- [ASSIGNED TASK]
Throughout the listing that follows, find each line with the word "spaghetti" and copy it.
════════════════
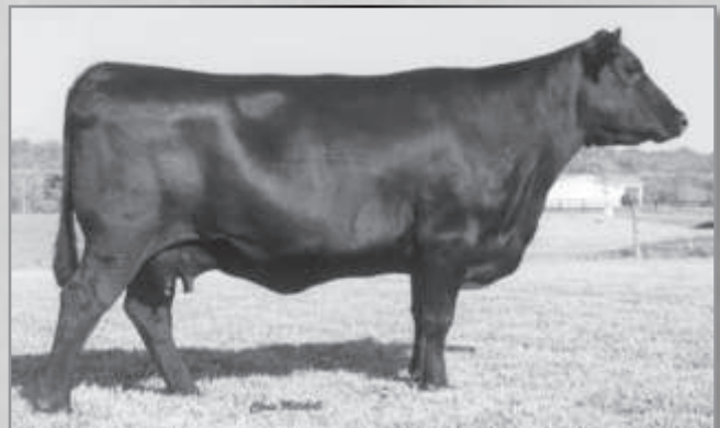
HARMONY HILL PEG 443 – Grandam of Lot 79.

Grandam Records: BR 7@98, WR 8@101, UREA 3@103. BEPD WEPD YEPD MILK S +4.1 .97 +53 .96 +101 .94 +29 .81 D +3.0 .40 +46 .29 +77 .25 +14 .29 MARB REA $B S +1.04 +.63 +72.01 D I+.0 I+.08 +26.43
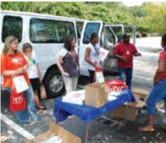
Spotlight on Educational Talent Search..... 3
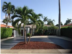
1435 JOHNSON ST

MLS#: A10294832 Status: A Price: $429,000 SqFt: 1,380 Beds: 3 Bath: 2 (2 0)
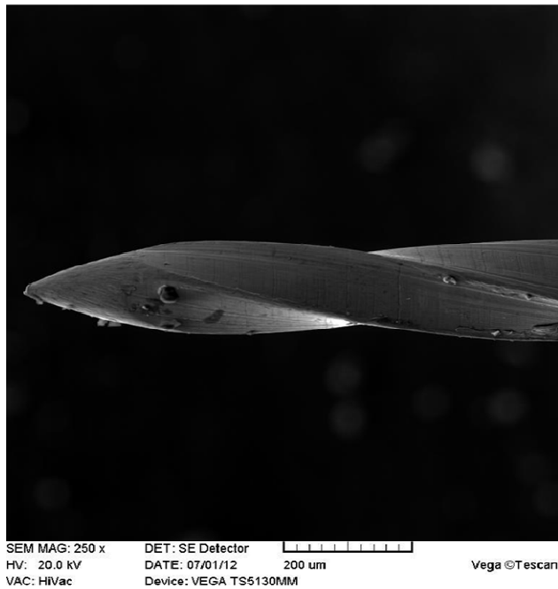
Figure 2. SEM image of a file tip (Larmrose #25)

lowest flute) is less than 1 mm [25]. Our experimental files at the present trial had tip lengths of less than 1 mm; an indication for proper cutting efficiency of all 5 studied brands.
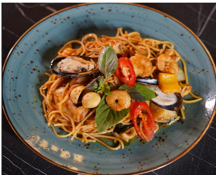
Wok spaghetti chili basil | SPAGHETTI KEE MAW | สปาเก็ตตี้ผัดขี้เมาทะเล AED 105

Veggies, seafood, a touch of chilies with a full of spaghetti (It's all seafood here!)
════════════════
- [WRITTEN SOLUTION]
Wok spaghetti chili basil | SPAGHETTI KEE MAW | สปาเก็ตตี้ผัดขี้เมาทะเล AED 105
Veggies, seafood, a touch of chilies with a full of spaghetti (It's all seafood here!)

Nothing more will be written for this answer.